Travel Tips: Tangier and Smith Islands, Chesapeake Bay

Historic—and Endangered—Communities of a Bygone America

In the middle of the lower Chesapeake Bay, almost facing each other across the Maryland-Virginia state line, sit two centuries-old, remote, and threatened communities.

Both Smith Island, Maryland, and Tangier Island, Virginia, were first mapped by Captain John Smith in 1608. Welsh and English settlers mainly took to Smith, while natives from England’s West Country favored Tangier. Residents of both islands retain unique “relic dialects,” passed down from their ancestors and preserved by isolation. Watermen here have lived off the bay’s oysters, crabs, and fish for almost 200 years. Their family names resound throughout the islands: Evans and Tyler on Smith; Parks, Pruitt, and Crockett on Tangier.

Life here is slower and quieter than on the mainland. Even with regular ferries, these are secluded places: few stores, almost no cars, and no bars (both Tangier and Smith are dry). The islanders constitute a tough and independent lot: Tangier folks refused to join the Confederacy over slavery, while Rhodes Point village, on Smith Island, was once known as “Rogues Point” for area pirates who operated from there.

Visitors can explore on foot, by bike (rentals are available on-island), and by boat. Both islands offer overnight accommodations in a few B&Bs—and take pride in distinct local fare. Smith Island Cake, a towering layered confection, is Maryland’s official dessert, while Tangier justly claims to be “the soft-shell crab capital” of the nation.

With their low-lying shores yielding to erosion and storm surges, these two marshy “islands out of time” may be running out of time. Yet islanders are fighting to hang on, holding fast as long as they can to their thin and vulnerable homes. —Stephen Blakely

Travel Tips

When to Go: Mid-May through September for soft-shell crab season and daily ferry service

How to Get Around: Take a ferry to get to either island, and charter a ride to travel between the two. In the off-season, October through April, ferries are available but less frequent.

Smith ferries leave from Crisfield, Maryland, and go either to Ewell, one of two villages on the northern part of the island, or Tylerton, on the southern end. In Ewell, walk or rent a golf cart or bike. From here, it's about two miles to the neighboring village, Rhodes Point. Tylerton is separated from the rest of the island by Tyler Creek.

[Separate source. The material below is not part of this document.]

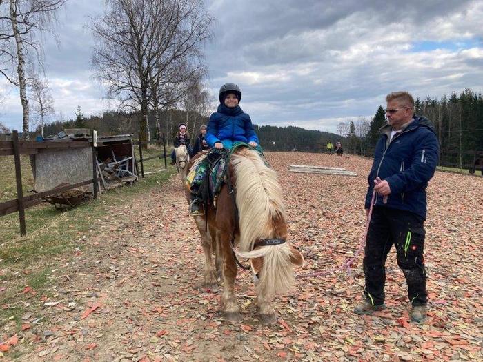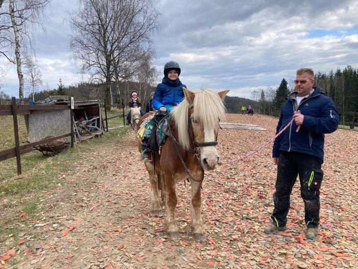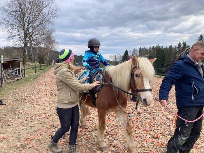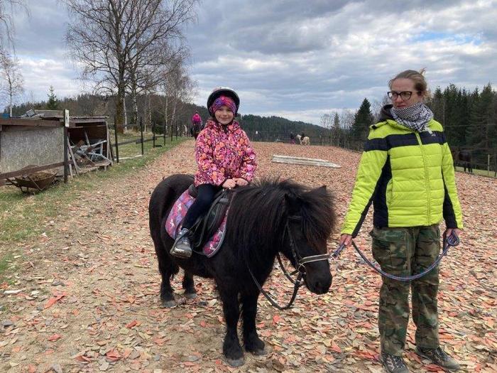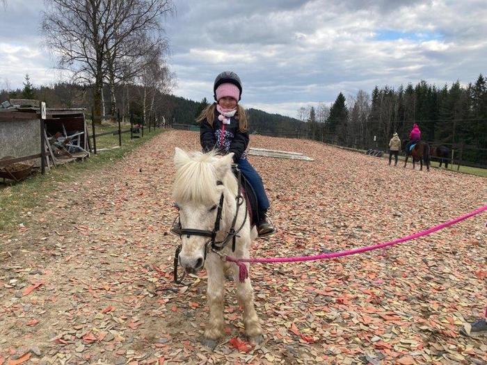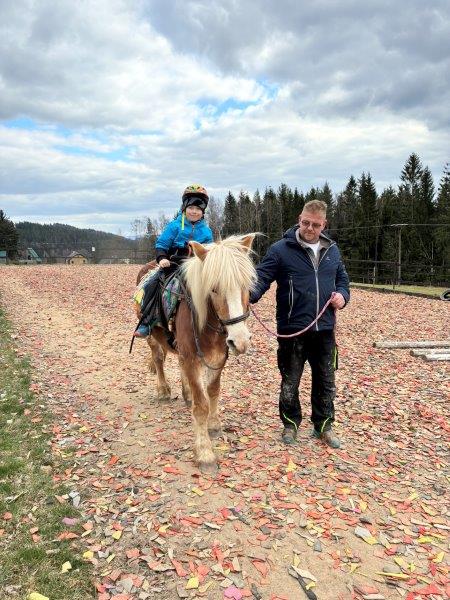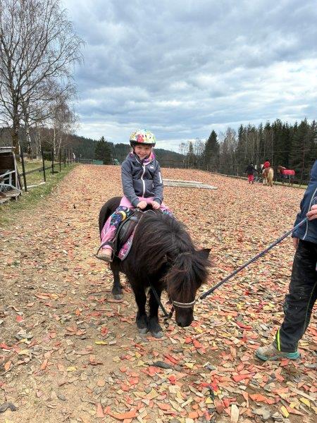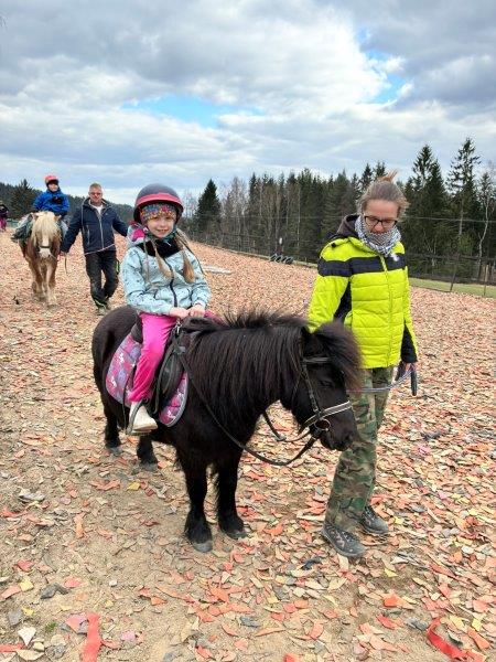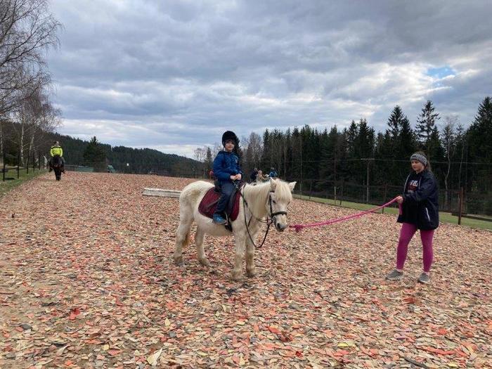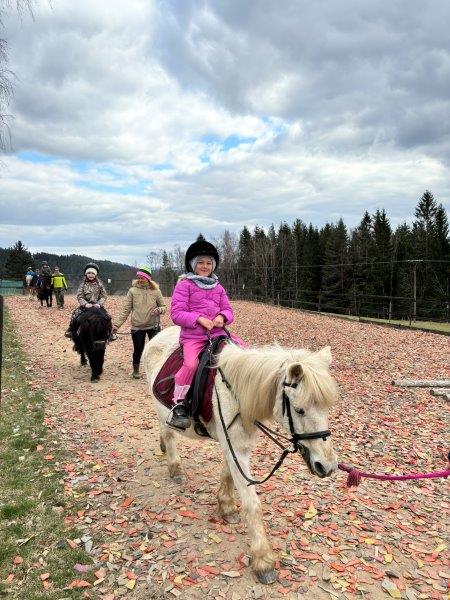 Když jsme se ráno probudili, venku bylo zataženo a vypadalo to, že každou chvíli začne pršet. Naštěstí mraky ale horský vítr rozfoukal a my jsme strávili skoro půlku dne venku v přírodě. Po snídani (máme po dnešku strach, že dojde zásoba čokoládových kuliček a mléka) jsme se vrhli na psaní dopisu. Malovali jsme i psali na korespondenční lístky. Po svačině jsme našli další zadání úkolů, které dnes musíme splnit, abychom dostali další nápovědu k pokladu. Ještě před obědem jsme se vydali naše dopisy hodit do poštovní schránky, snad všem adresátům přijdou včas :-) . K obědu jsme měli zelňačku a sekanou se šťouchanými brambory. Psaní i vycházka nás trošku unavila, a tak jsme si po O trošku odpočinuli. Nezapomněli jsme také popřát naší Emmičce k svátku :-). Odpoledne nás totiž čekal slibovaný výlet za koníky. Nejprve jsme si zadováděli na hřišti a pak jsme se povozili na konících – Sněhurce, Angelice, Lucasovi a Moly. Moc jsme si to užili!
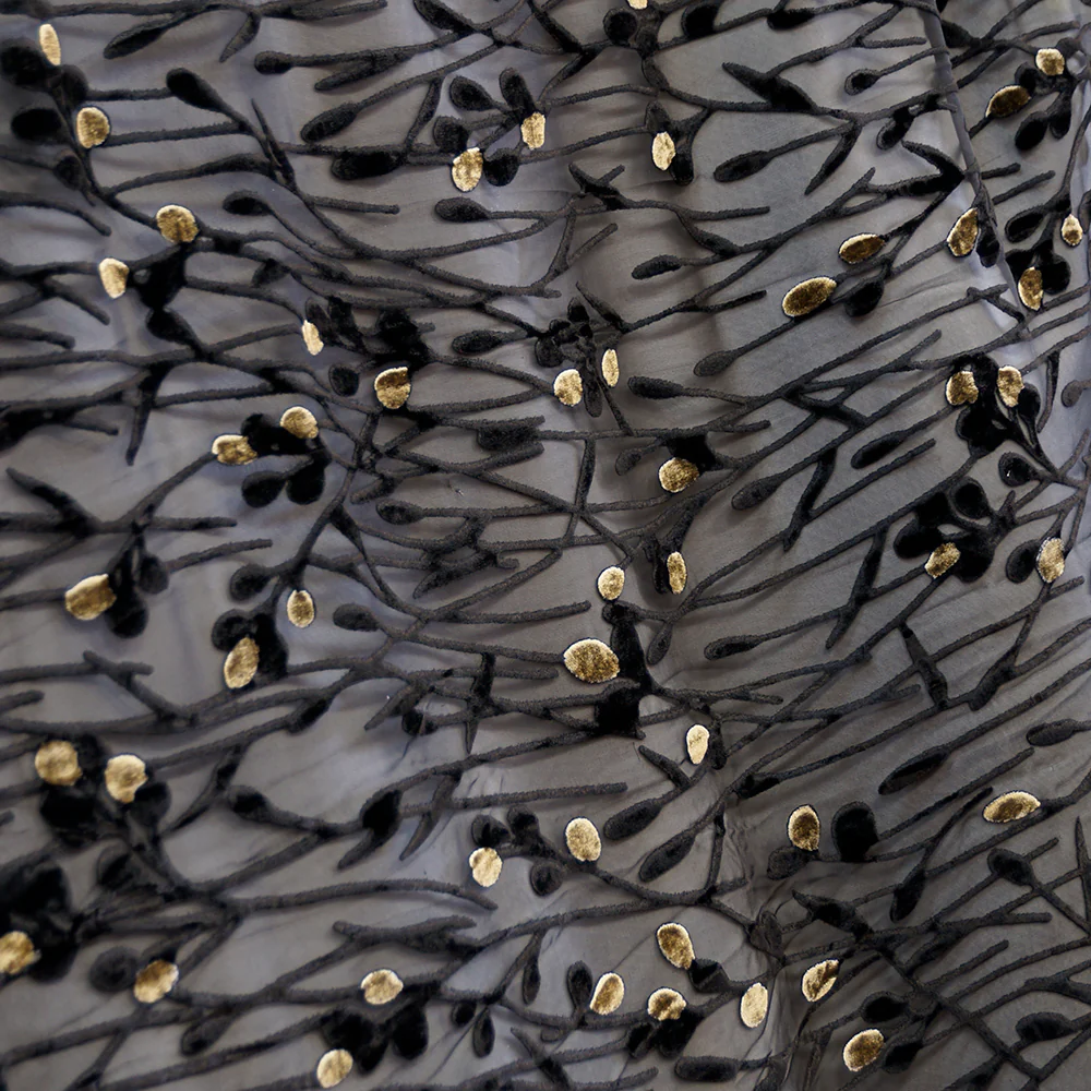 Black and Gold Buds Burnout Velvet Fabric - 100% silk—

To reach Tangier, take a ferry from Crisfield, or from Onancock or Reedville, Virginia. The island is easy to navigate on foot, or you can rent a golf cart or bike at Four Brothers Crab House & Ice Cream Deck.

Where to Stay: The Smith Island Inn in Ewell is a comfy and quaint bed-and-breakfast with three guest rooms. Rates include use of bikes, canoes, and kayaks. On Tangier, the Bay View Inn has two guest rooms in the historic main house, built in 1904, plus two small cottages and seven motel rooms. Rates include daily made-to-order breakfasts and golf-cart transfers from and to the ferry.

What to Eat or Drink: At Fisherman's Corner, try soft-shell blue crab, prepared Tangier-style (dusted with seasoned breading and fried), in a white-bread sandwich or as an entrée. If soft shells aren't in season, order Uncle Frank's Fried Crab Cakes: two fresh, lump Chesapeake Bay blue-crab-meat patties pan-fried to a golden brown.

What to Buy: At Smith Island Baking Company, try a slice of original-recipe Smith Island Cake—a melt-in-your-mouth, ten-layer tower built with moist yellow cake and fudge frosting. Buy a whole cake at the bakery to take with you or to have shipped via FedEx.

What to Watch Before You Go: The short, documentary-style video "A Waterman's Life" (National Geographic, 2005) was shot on location in the waters off Tangier Island and is narrated by Tangier's waterman mayor, James Eskridge, Jr.

Cultural Tip: Islanders live with one foot in the water. Follow their lead by hiring someone to take you out on a boat, renting a kayak, or taking a waterman's tour with a Tangier captain.

Did You Know? During the War of 1812, Tangier Island was a safe haven for nearly 1,000 escaped slaves. Since the island was controlled by Britain, which had outlawed slavery in its territories, slaves who made it to Tangier became free subjects of the British Empire. When the British evacuated the island in 1815, the former slaves moved to colonies in Canada and the Caribbean.